Maxwell, who took no snaps with the first or second offenses during the week so O'Connor and Cook could get up to speed, tried to make the best of a tough situation.

"It's difficult to get into the flow (of the game) when you come off the bench, but that's the way we've operated the first two games," Maxwell said. "So you have to be flexible. I knew there was a possibility that I'd be called upon at halftime to start the second half, so I had to lock in and focus.

"We moved the ball, but unfortunately, we had some drive stoppers: penalties, negative plays, turnovers. We did some good things on the ground, but we have to get production from the passing game and finish drives. We can't be afraid to sustain long drives."

Dantonio said he doesn't have a firm deadline in place for moving key positions out of committee, but junior running back Nick Hill, who led the Spartans with a career-best 63 yards on nine carries, is convinced the offense will be better when position battles are settled once and for all.

"Each and every game is an evaluation," Hill said. "I'm kind of not (shocked by the offense's fits and starts) because there were a lot of questions going into the running-back situation and the quarterback situation. But I think we're coming along, pretty well.

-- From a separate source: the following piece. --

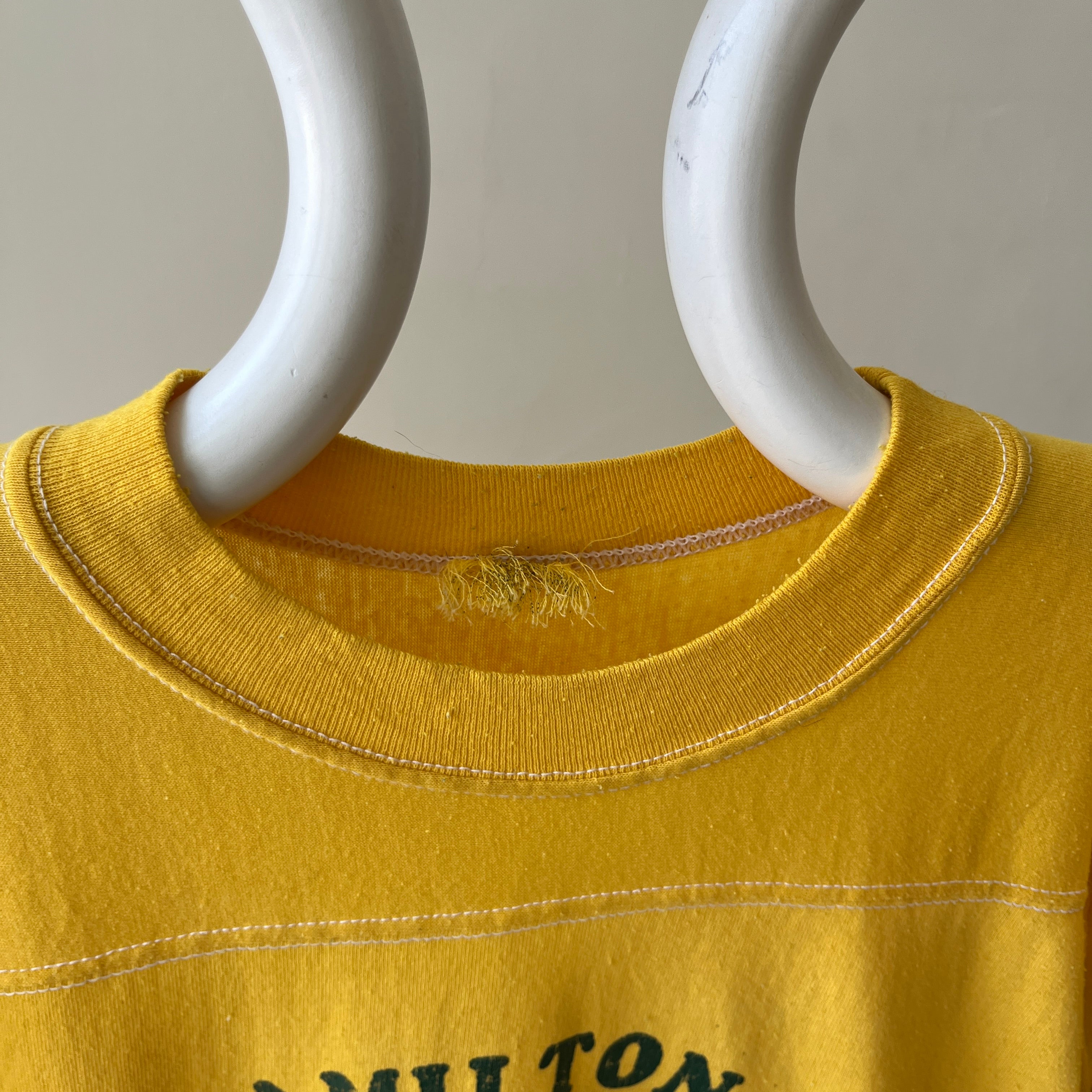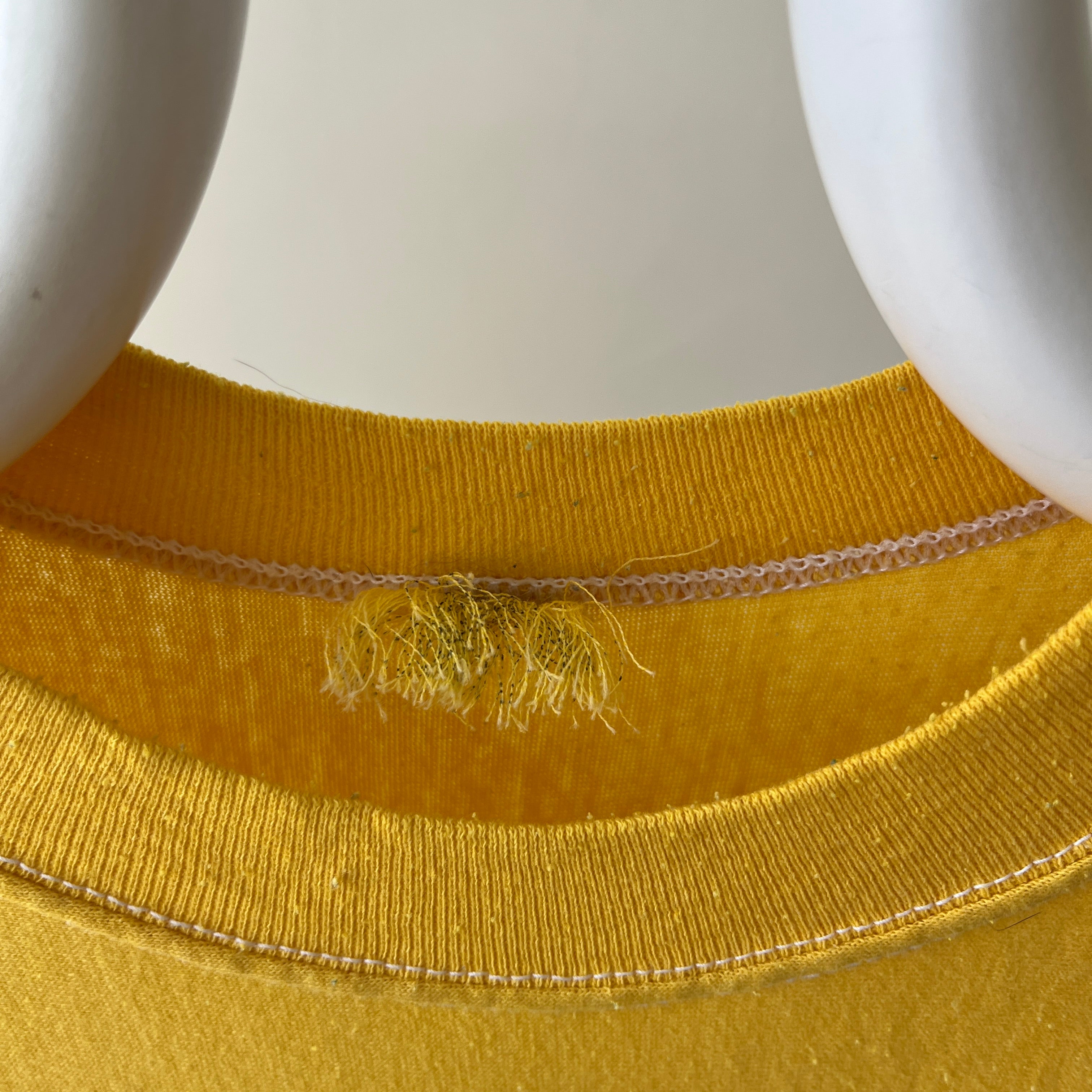 Stains are cool. But if I don’t have you convinced, that yellow jalopy hanging out on your new-old (now off) white tee could have been a mustard mishap from catching a fly ball at the World Series in ’83 with a hotdog in hand. Or from changing a flat tire on a college road trip to meet your future ex in-laws? Stains have stories even when they’re in the pits! Sweating in your favorite Hanes crewneck on your first middle school date can have a life long impact on a t-shirt.

"When you keep rotating a lot of players at the running back and quarterback positions, rhythms are off. It's all about timing. Going into the Big Ten season, it's going to be more and more important because it's kind of hard to keep rotating guys in and out. As we keep reducing, we'll be OK. I don't see anything concerning with our offense."

And there won't be if the Spartans get things right, even if it is just in the nick of time.